→ Exercise brief: With the pictures left out, transcribe exactly the lines from the one with "RodionLiu, 빨간 넥타이, 검은" through the end of the data.

→ Information provided:
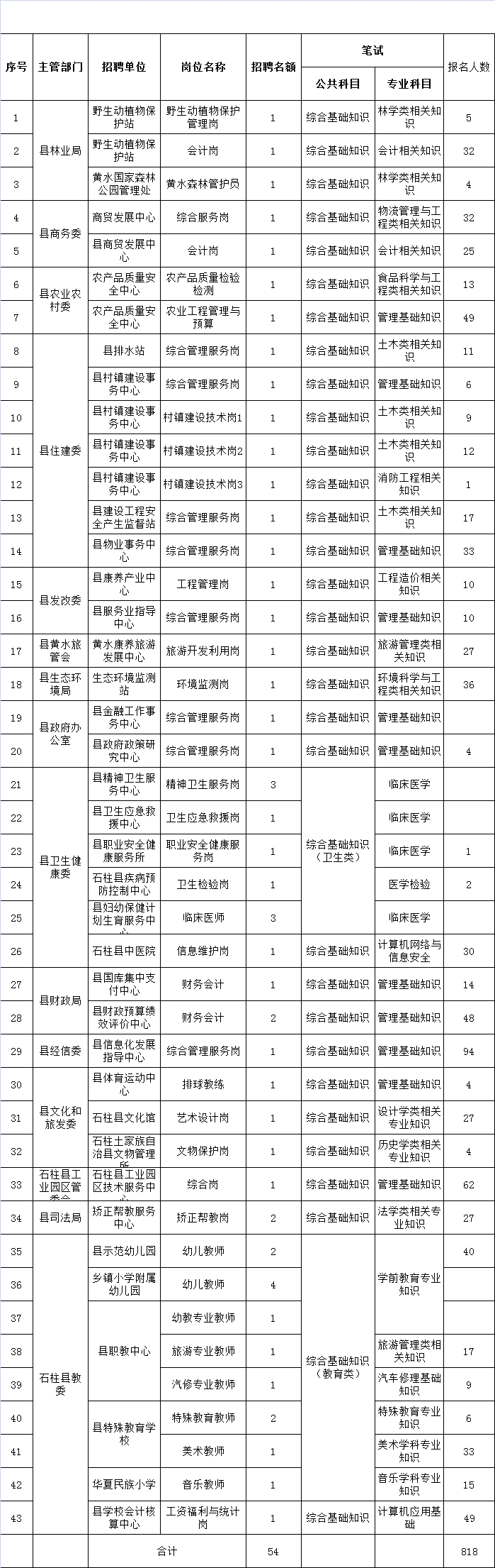 石柱縣2019年下半年公開招聘事業單位工作人員各崗位報名人數公示表
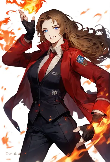 RodionLiu, 빨간 넥타이, 검은 베스트, 빨간 코트, 검은 바지, 흰 셔츠, 손가락 없는 장갑, 불
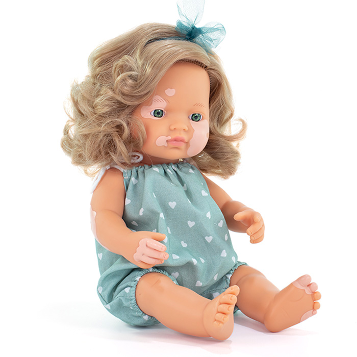 Promote inclusion and acceptance by incorporating play materials that represent all types of diversity. These dolls were designed with sensitivity to reflect children with Down syndrome, vitiligo, and those who use adaptive aids. Made from soft vinyl, they are fully jointed and anatomically correct.

→ Problem solution:
 RodionLiu, 빨간 넥타이, 검은 베스트, 빨간 코트, 검은 바지, 흰 셔츠, 손가락 없는 장갑, 불
 Promote inclusion and acceptance by incorporating play materials that represent all types of diversity. These dolls were designed with sensitivity to reflect children with Down syndrome, vitiligo, and those who use adaptive aids. Made from soft vinyl, they are fully jointed and anatomically correct.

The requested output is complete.